Üçüncü önerim de şudur: Kürt siyaseti herkesin malumudur, sorunudur, sürekli bir baskı altındadır ve sürekli bir bombardıman altındadır. Bu bombardıman Kürt hareketinde, Kürt siyasetçilerinde sürekli bir savunma refleksi geliştirmiştir. Kısaca şunları söylemeye çalışıyorum.
Bize:
—Siz bölücüsünüz!” diyorlar.
Biz, hemen elimizi kaldırıyoruz:
-“Tövbe! Hâşâ! Biz bölücü değiliz.” diyoruz.

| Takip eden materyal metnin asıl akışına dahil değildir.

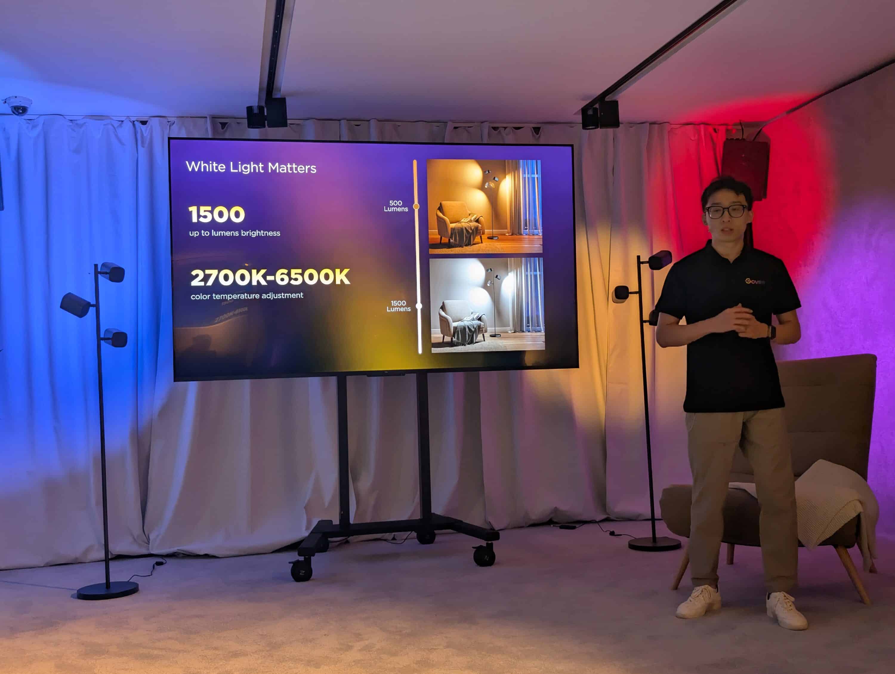 Neben dem Flaggschiffmodell erweitern zwei weitere Modelle die neue Produktgeneration: Die Govee Uplighter Floor Lamp bietet eine vertikale Lichtinszenierung mit drei Lichtzonen. Der obere Lichtbereich erzeugt eine indirekte Deckenbeleuchtung mit dynamischen Wellenmustern, während der mittlere Abschnitt für dekorative RGBIC-Effekte sorgt. Der untere Teil liefert 1000 Lumen helles, funktionales Licht – etwa für den Arbeitsplatz oder den Flur. Eine Tageslichtautomatik passt die Lichtintensität je nach Umgebungshelligkeit automatisch an.
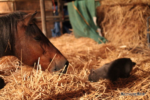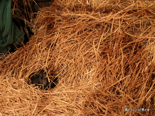 馬小屋の麦わらに穴を掘って寝ている「ロシやん」
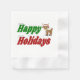 Serviettes en papier avec des vacances heureuses en lettres vert et rouge 3D et un renne. Serviettes disponibles en plusieurs couleurs et styles.
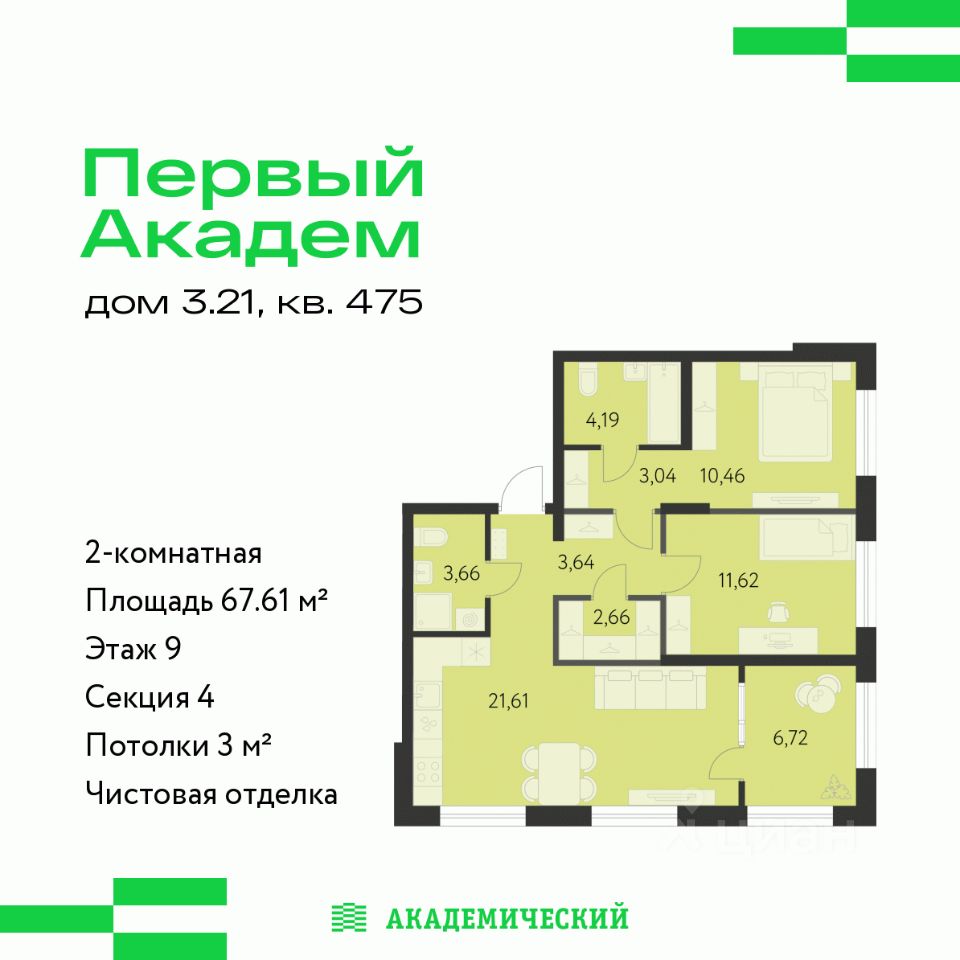Продается 2-комнатная квартира площадью 67.61 кв.м. от девелопера ''Академический'' в жилом квартале ''Первый Академ''. Срок сдачи дома в 2028 году. Выгоды и скидка напрямую от застройщика.

Buna ihtiyaç yoktur. Türkiye tek millet olarak tarif ediliyorsa, biz bu tarife karşıyız:
-“Bu bölücülükse, biz bölücüyüz!”
Türkiye Cumhuriyeti devlet sınırları içinde:
-“Kürt Ulusu yaşıyor! demek; bölücülükse, biz bölücüyüz!”
-“Biz bölücü değiliz!” diye, aman aman etmenin bir âlemi yoktur.

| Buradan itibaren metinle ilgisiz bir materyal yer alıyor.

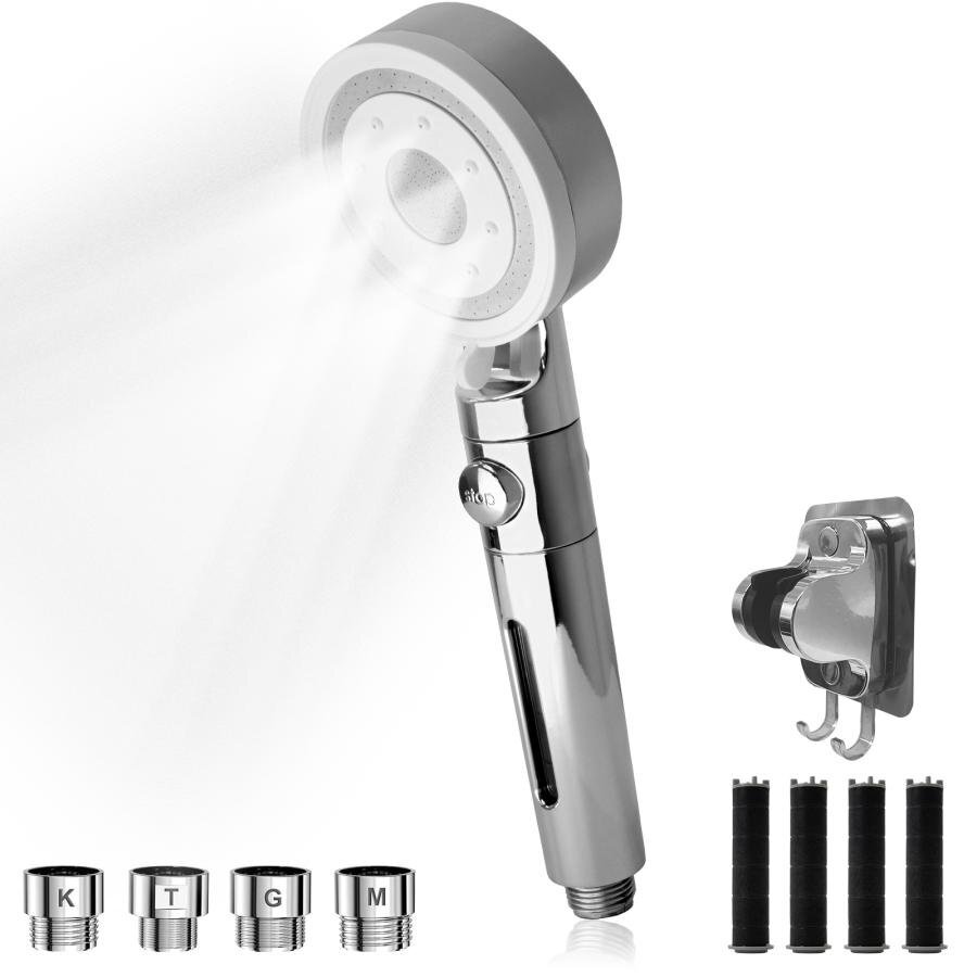 - ONE STEP シャワーヘッド 節水 ナノバブル 節水増圧 増圧 美肌 塩素除去 ミスト 節水 高水圧 手元止水 塩素 6段階 シルバー
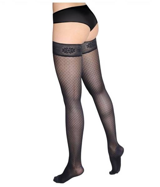 ORTO Compression Socks in black are designed for women and provide graduated compression to support venous circulation. These compression socks feature a diamond pattern that visually slims the legs and offers an elegant appearance that complements any outfit.
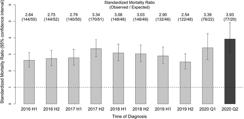全国がん登録データを用いて、2016年以降に日本で診断されたがん患者の半年以内の自殺による死亡リスク(標準化死亡比)を算出しました。このリスクがCOVID-19パンデミック中に診断された患者ではどのように変化したのかを分析しました。
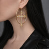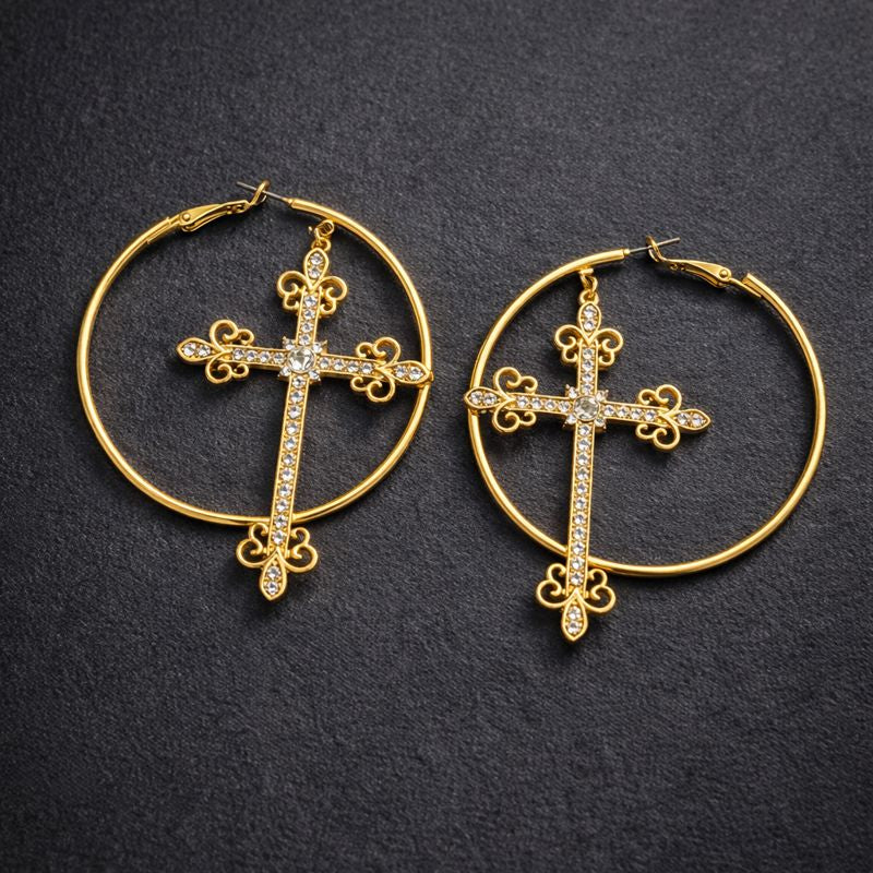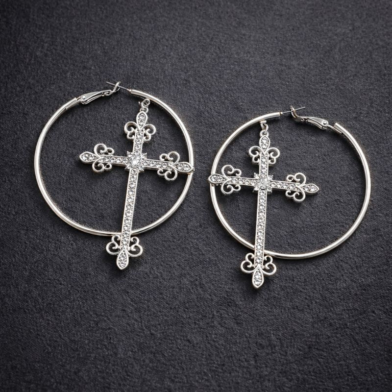 A luminous symbol suspended in motion. These cross halo earrings feature a sculpted cross framed within a circular hoop, fully set with diamond-style detailing for a sharp yet elegant finish. Designed to catch the light while holding a dark, ritual-inspired edge, they elevate both minimal and statement looks.

-“Bu devlet, hepimizin devletidir!” diyorlar.
-“Hayır! Bu devlet, hepimizin devleti değildir! Bu devlet, bütün Türklerin de devleti değildir!
Devlet sınıfsal bir kurumdur. Yöneten egemen sınıfların devletidir. Bu devlet sizin devletiniz derken bütün Kürt siyasetçileri:
-“Tabii, bu devlet hepimizin devletidir!” demeye başladı.
-“Bu bayrak, hepinizin bayrağıdır!”deyip, televizyonda Kürt siyasetçilerinin göğsüne Türk bayrağı yapıştırılıyor. Bunlardan vazgeçmek lazım. Bu savunma refleksini artık bir yerde kırmamız lazım. Sürekli savunarak alabileceğimiz, bir yol yoktur. Onun için üçüncü önerim:
-“Kürt hareketinde birliği hedefleyen yurtsever siyasete sahip Kürt gruplarının; birlikte ne yapabileceklerini araştıran, soruşturan ve bunun çin etkinliklerde bulunmayı önüne görev olarak koyan bir çalışma kurulunun oluşturulmasıdır.”
Hepinize dikkatiniz için teşekkür ediyorum.